INSTRUCTIONS FOR THE TASK - Would you please set down the data again exactly as given, excluding the pictures?

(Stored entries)
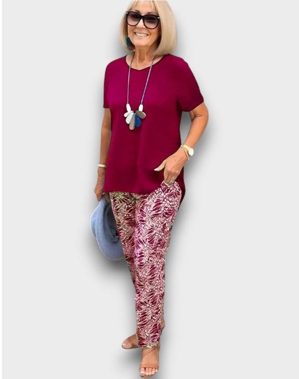 Ανακαλύψτε την υποδειγματική κομψότητα με το Σετ Μαρία — την ιδανική επιλογή για καθημερινή κομψότητα που νιώθει τόσο άνετη όσο φαίνεται. Με τις ραμμένες γραμμές του, τη δομή που κρύβει την κοιλιά και το ύφασμα που δεν τσαλακώνει, αυτό το σετ δύο κομματιών συνδυάζει άψογα την κομψότητα και την άνεση.
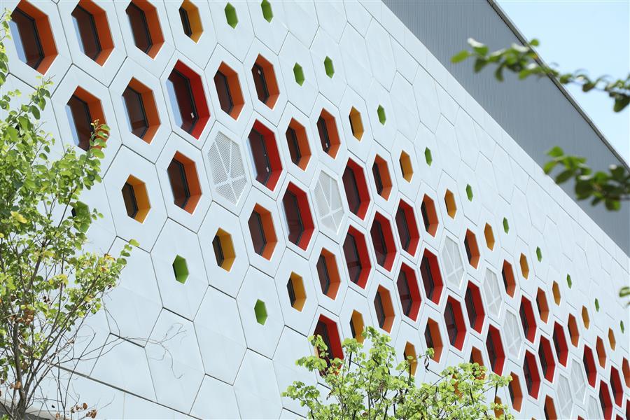 項目建筑外立面設(shè)計將柳州本土文化元素“紫荊花”與康恒公司“蜂巢”理念完美融合,多層次的幕墻肌理協(xié)同自然光線,在不同照射條件下呈現(xiàn)出多樣的光影效果,不僅呼應(yīng)了垃圾焚燒發(fā)電精細(xì)的工藝流程,更體現(xiàn)了人與自然和諧共生的美好愿景。
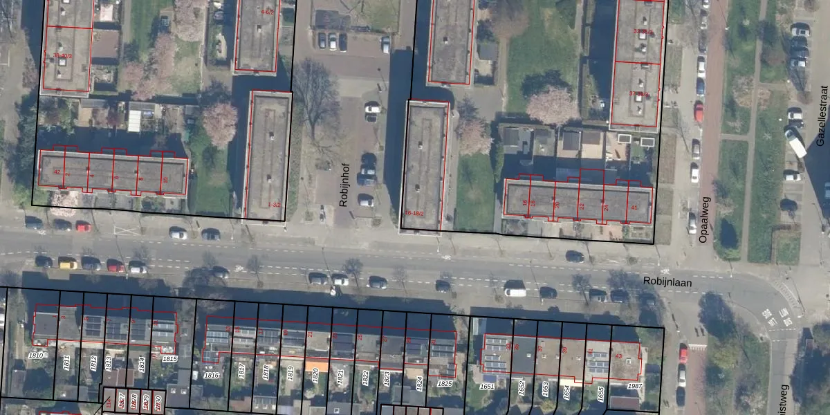 Het perceel waarop Robijnhof 18 staat heeft een oppervlakte van 7548 m². Dit is een zeer groot perceel. De perceeloppervlakte wordt geregistreerd door het Kadaster. Gedetailleerde informatie over de maten van dit perceel kunt u vinden in het rapport Kadastrale kaart met maatvoering van Robijnhof 18.
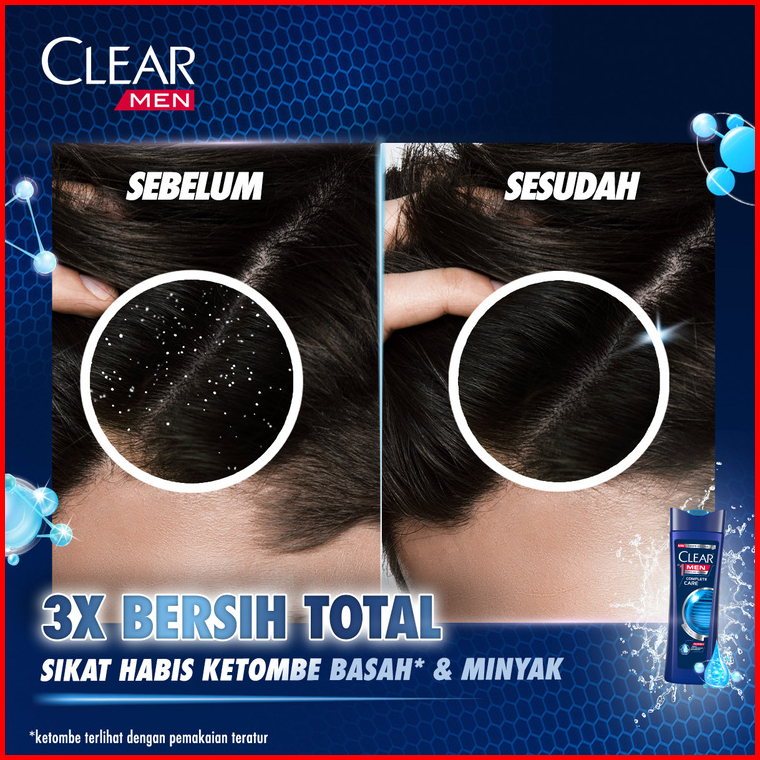 Clear Men Shampoo Anti Ketombe Perawatan Total Active Dengan 3 Cleansing Factor Anti Gatal Lawan Extra Minyak - 160ml
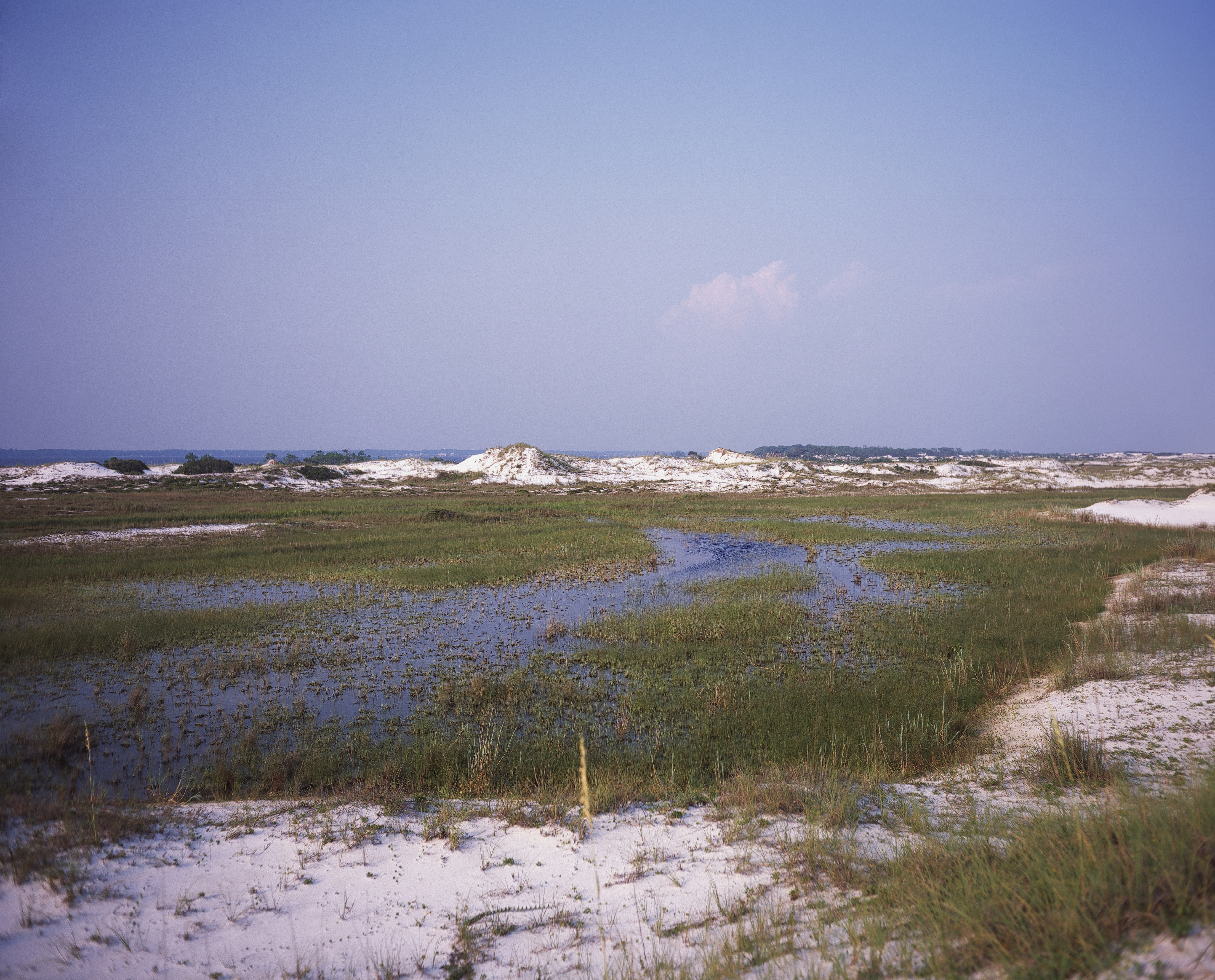 A scenic view of the shoreside at Santa Rosa Island located in Florida.
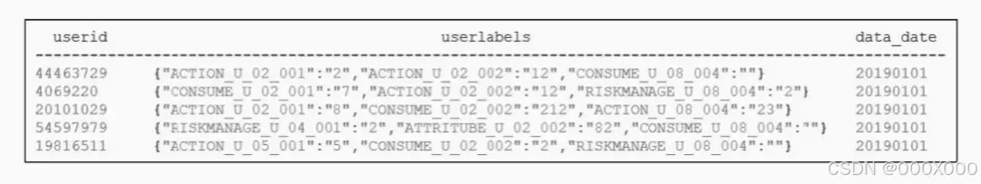 汇聚后用户标签的存储格式如图所示:
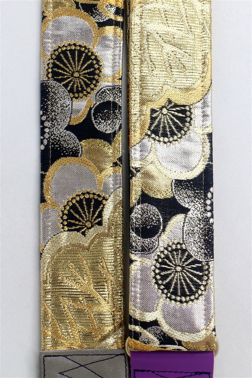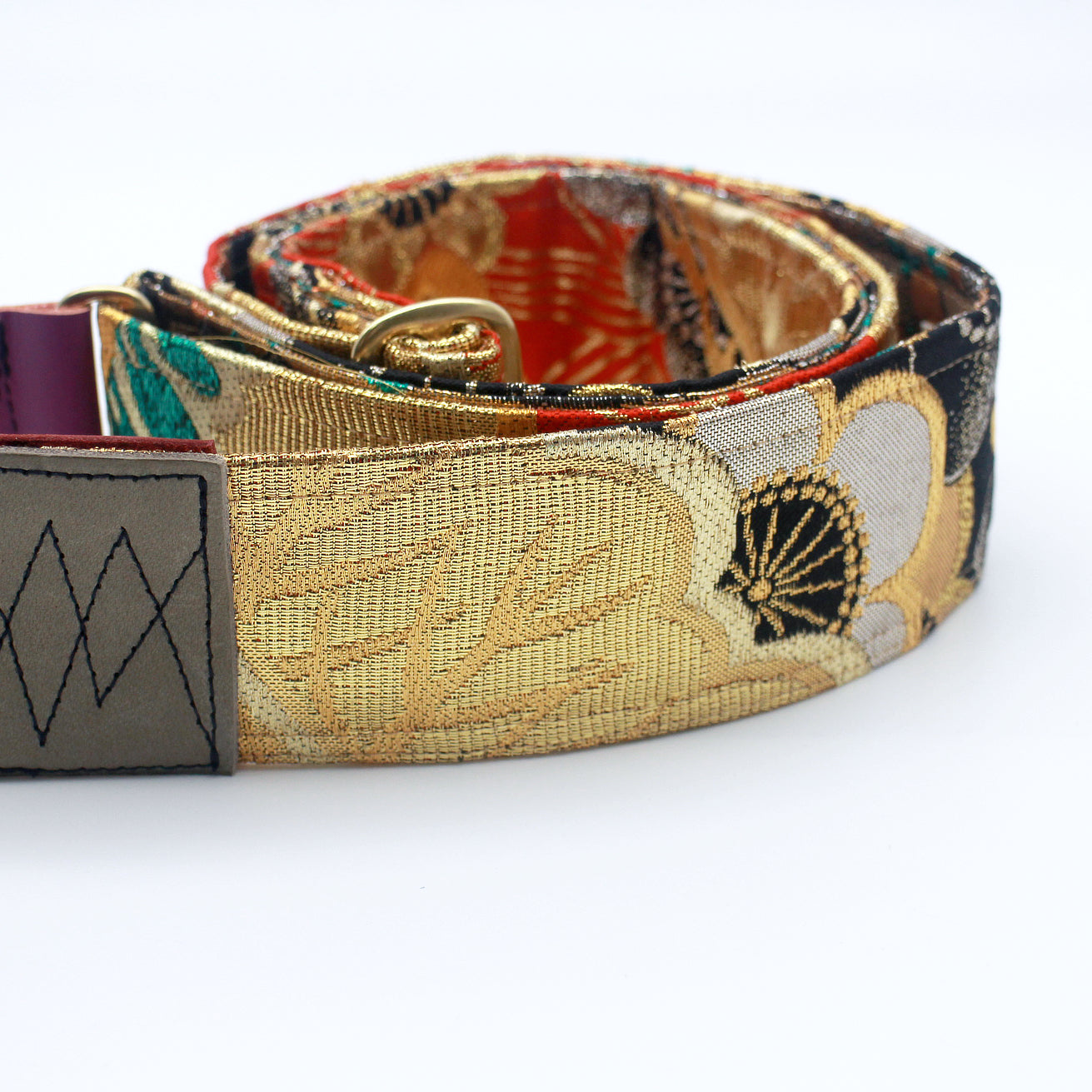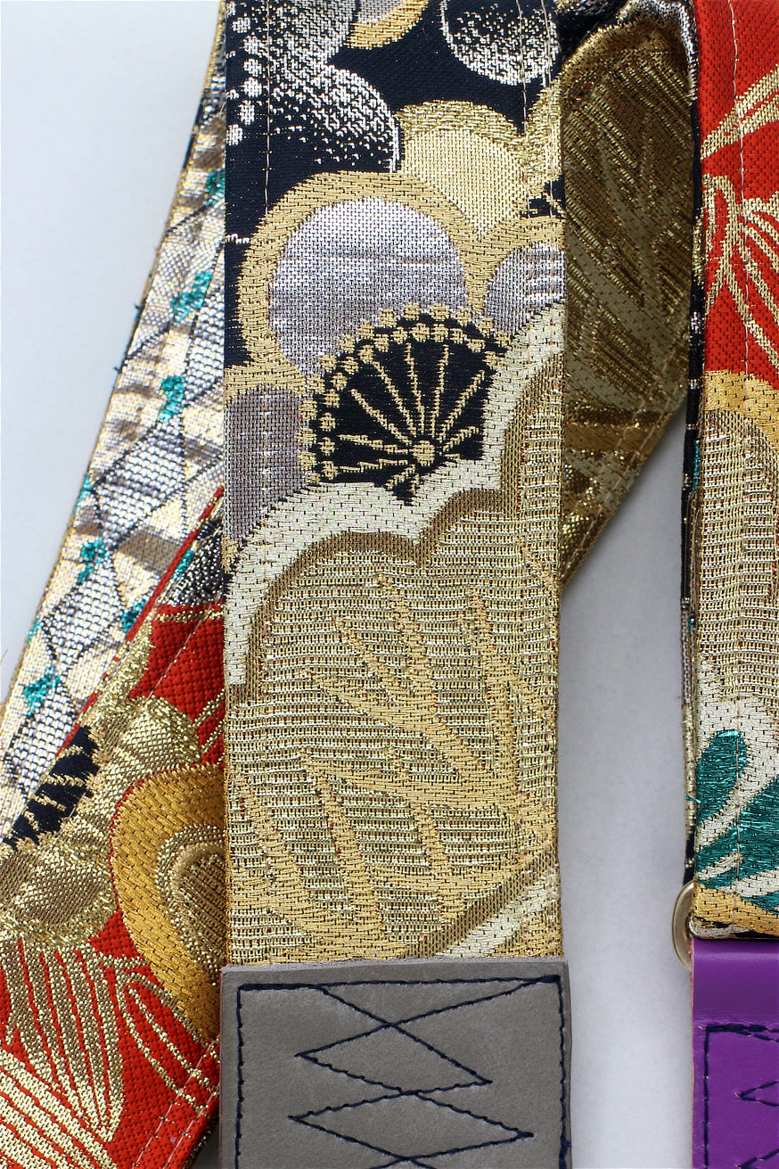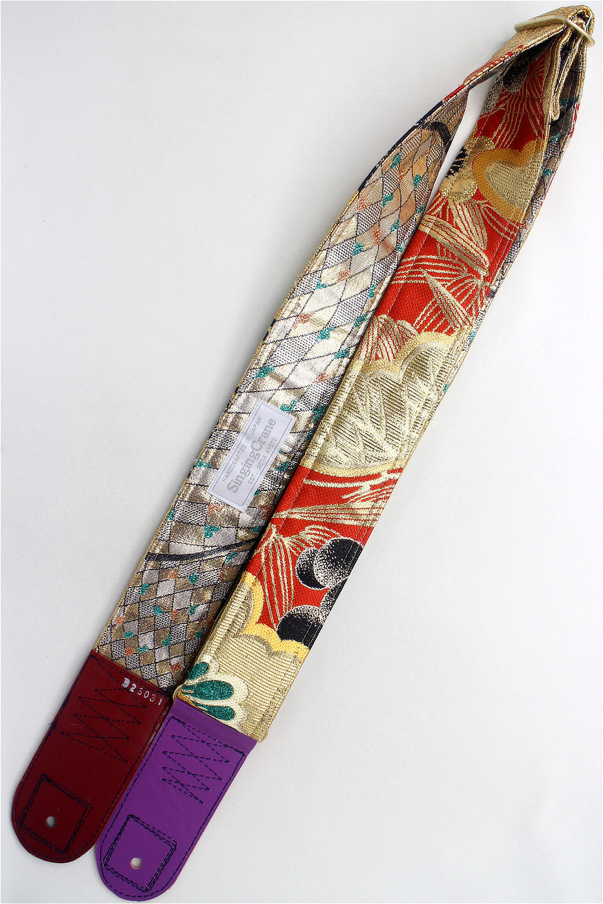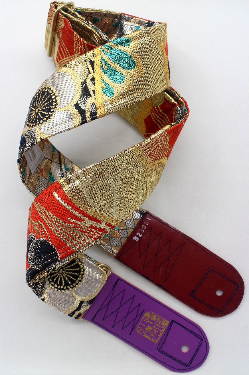 Unique and beautiful guitar strap [SC325031] - hand made in Japan from recycled silk woven kimono obi, leather and brass

WRITTEN ANSWER -
 Ανακαλύψτε την υποδειγματική κομψότητα με το Σετ Μαρία — την ιδανική επιλογή για καθημερινή κομψότητα που νιώθει τόσο άνετη όσο φαίνεται. Με τις ραμμένες γραμμές του, τη δομή που κρύβει την κοιλιά και το ύφασμα που δεν τσαλακώνει, αυτό το σετ δύο κομματιών συνδυάζει άψογα την κομψότητα και την άνεση.
 項目建筑外立面設(shè)計將柳州本土文化元素“紫荊花”與康恒公司“蜂巢”理念完美融合,多層次的幕墻肌理協(xié)同自然光線,在不同照射條件下呈現(xiàn)出多樣的光影效果,不僅呼應(yīng)了垃圾焚燒發(fā)電精細(xì)的工藝流程,更體現(xiàn)了人與自然和諧共生的美好愿景。
 Het perceel waarop Robijnhof 18 staat heeft een oppervlakte van 7548 m². Dit is een zeer groot perceel. De perceeloppervlakte wordt geregistreerd door het Kadaster. Gedetailleerde informatie over de maten van dit perceel kunt u vinden in het rapport Kadastrale kaart met maatvoering van Robijnhof 18.
 Clear Men Shampoo Anti Ketombe Perawatan Total Active Dengan 3 Cleansing Factor Anti Gatal Lawan Extra Minyak - 160ml
 A scenic view of the shoreside at Santa Rosa Island located in Florida.
 汇聚后用户标签的存储格式如图所示:
 Unique and beautiful guitar strap [SC325031] - hand made in Japan from recycled silk woven kimono obi, leather and brass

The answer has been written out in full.